Eugene Fama, who believes share prices reflect all the available information, shared this year's Nobel Prize in Economics with Robert Shiller, who in contrast believes greed, fear and animal spirits drive markets and cause bubbles. Looking at the media love affair with Xero, I'm with Shiller.
Xero has a fantastic product. The business has 150,000 customers and $40 million a year in revenue, but it loses money. Its board says that if it prevails it will become the dominant market provider. There are precedents such as Microsoft, Google and Trade Me, where a natural monopoly evolved and made shareholders rich.
But at more than $3 billion, the market has priced Xero as if it has already reached those elevated heights. It hasn't and it might not.

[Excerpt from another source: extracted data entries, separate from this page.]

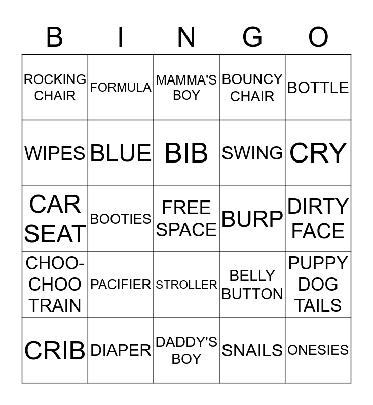 This bingo card has a free space and 24 words: PACIFIER, DIAPER, BIB, CRIB, BOTTLE, ROCKING CHAIR, WIPES, FORMULA, BURP, STROLLER, SWING, CAR SEAT, BELLY BUTTON, PUPPY DOG TAILS, BLUE, SNAILS, DIRTY FACE, MAMMA'S BOY, CRY, BOOTIES, ONESIES, CHOO-CHOO TRAIN, BOUNCY CHAIR and DADDY'S BOY.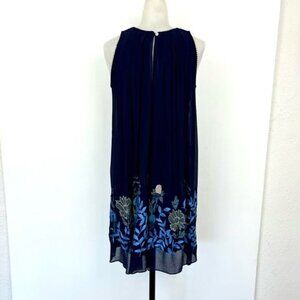 Embroidered navy blue dress, hits a few inches above the knee. Sheer layer with 2 layers of lining.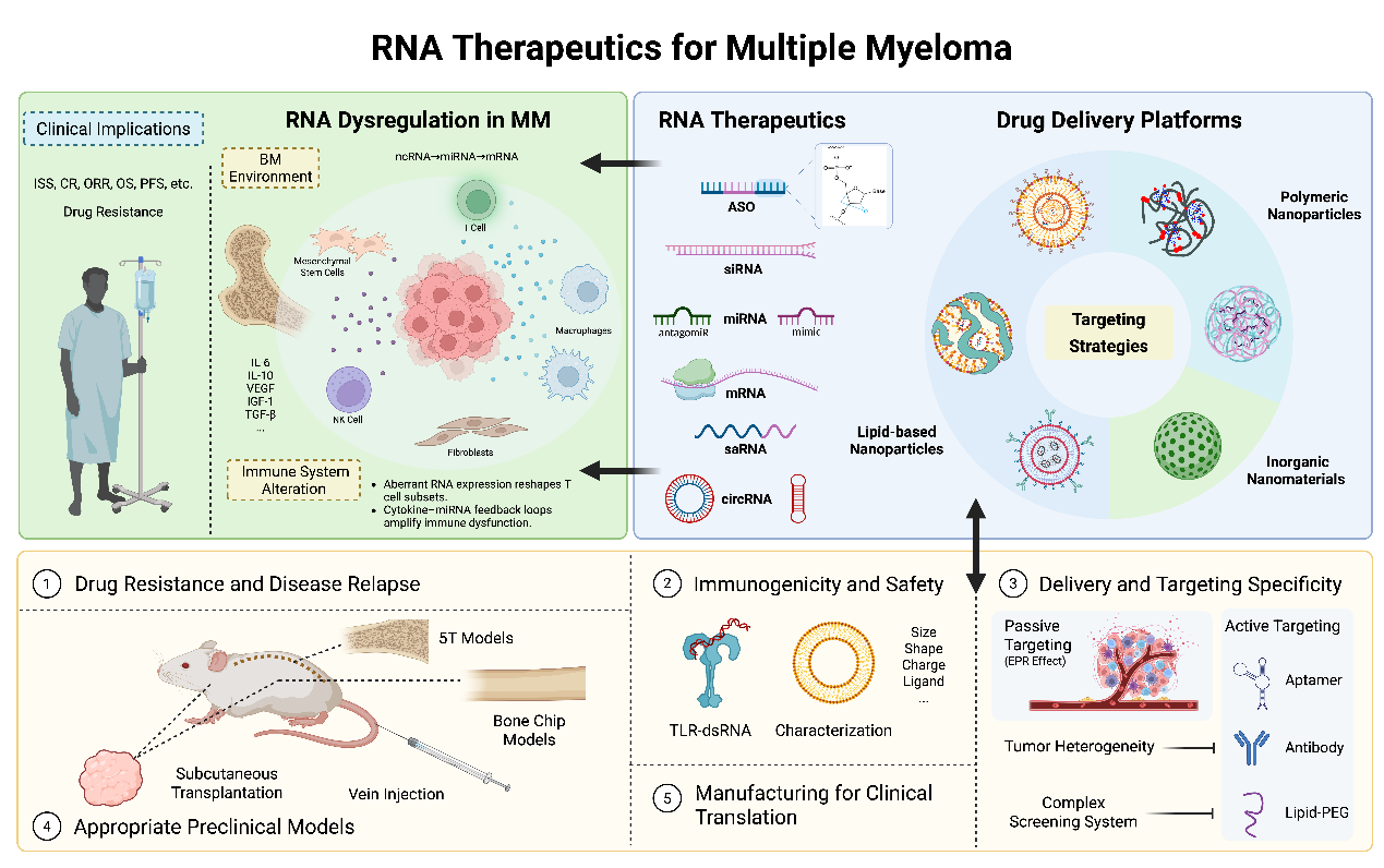 多发性骨髓瘤(Multiple Myeloma, MM)是一种慢性血液系统恶性肿瘤,因大多数患者用药后会复发或对多种治疗手段产生耐药性导致其至今仍无法被完全治愈。尽管目前已开发出多种新型治疗策略(包括靶向小分子药物、抗体药物与细胞疗法),但由于MM细胞在演化过程中表现出高度异质性并驱动耐药机制,极大地限制了现有临床治疗的疗效。近年来,RNA疗法在癌症治疗领域展现出巨大潜力。通过特异性地抑制或上调特定靶点序列,RNA疗法有望成为治疗MM的重要手段,并可与其他药物联合使用显著提高MM细胞对药物治疗的敏感性。然而,目前针对MM的有效核酸靶点以及理想的RNA药物递送技术尚不明确。本文总结了MM临床治疗中所面临的主要挑战,重点阐述了靶向MM细胞中异常表达的RNA分子所带来的治疗优势。通过总结潜在的分子靶点、递送系统及临床转化难点,本文进一步探讨了RNA疗法在MM治疗中的应用前景及其全球临床转化的可行性。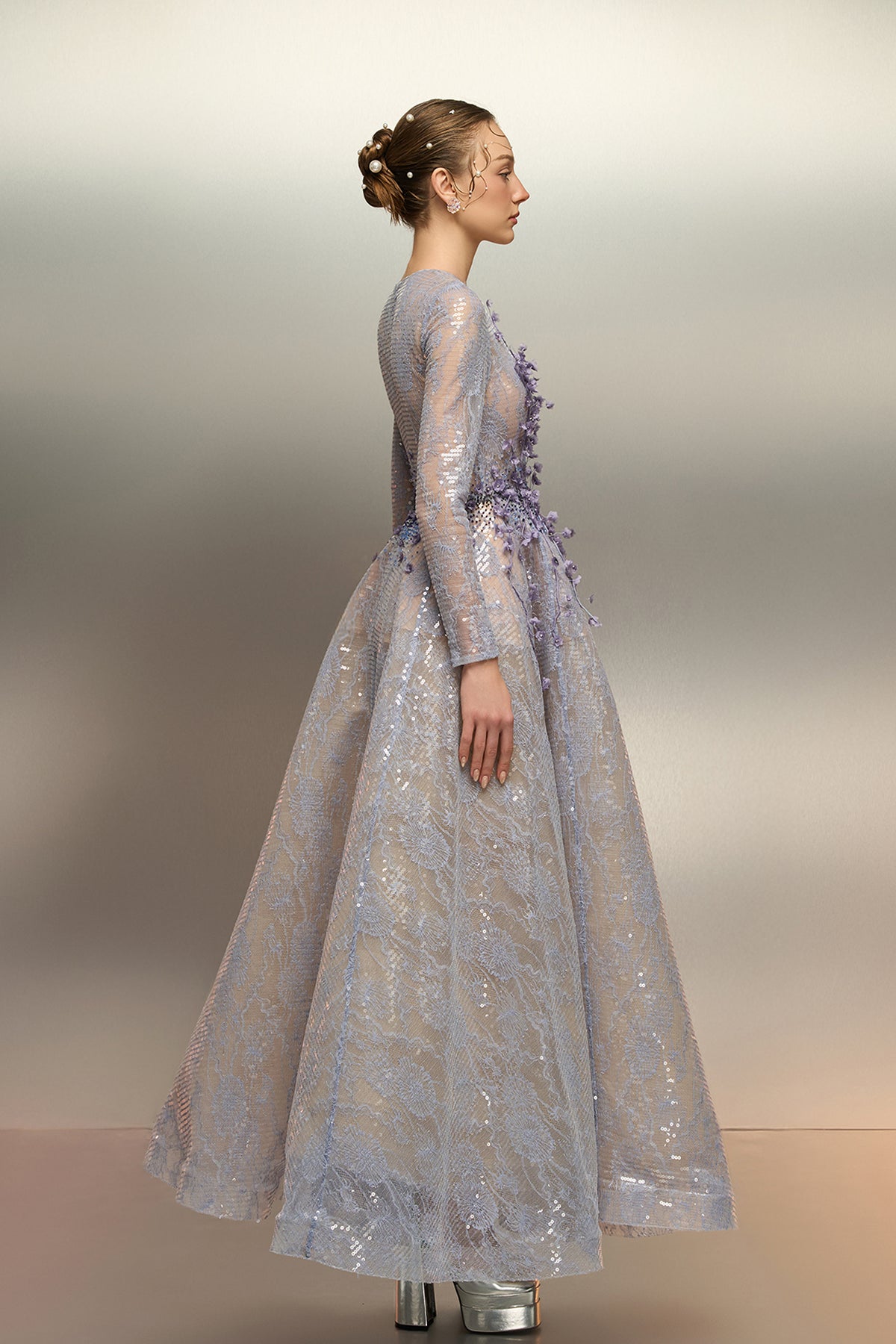 Blue caroline sequin midi dress. Featuring an A-line silhouette with a fitted bodice designed with a refined round neckline and long sleeves. Complemented with a highlight of the dress in the hand-applied 3D floral embellishments cascading from the bust to the waist.

Products such as Microsoft Exchange increase their utility the more users they acquire, but is this true of accounting software? I think it is more like Microsoft Explorer, a program that works well but if I am the only person who uses Chrome I am not disadvantaged by my isolation. The business has $45 million in costs compared to $37 million in customer revenue. But unless they can get more customers they will be unable to sustain their overheads without drastic changes.
Xero is aiming for the stars, passing first through the cloud. Early investors have done well but what is driving the current frenzy? Is it a cold rational expectation of future growth, or greed and animal spirits? By contrast, Meridian Energy is a stable business that last year made $295 million after tax and has $6 billion in fixed assets. It has been valued at $4 billion.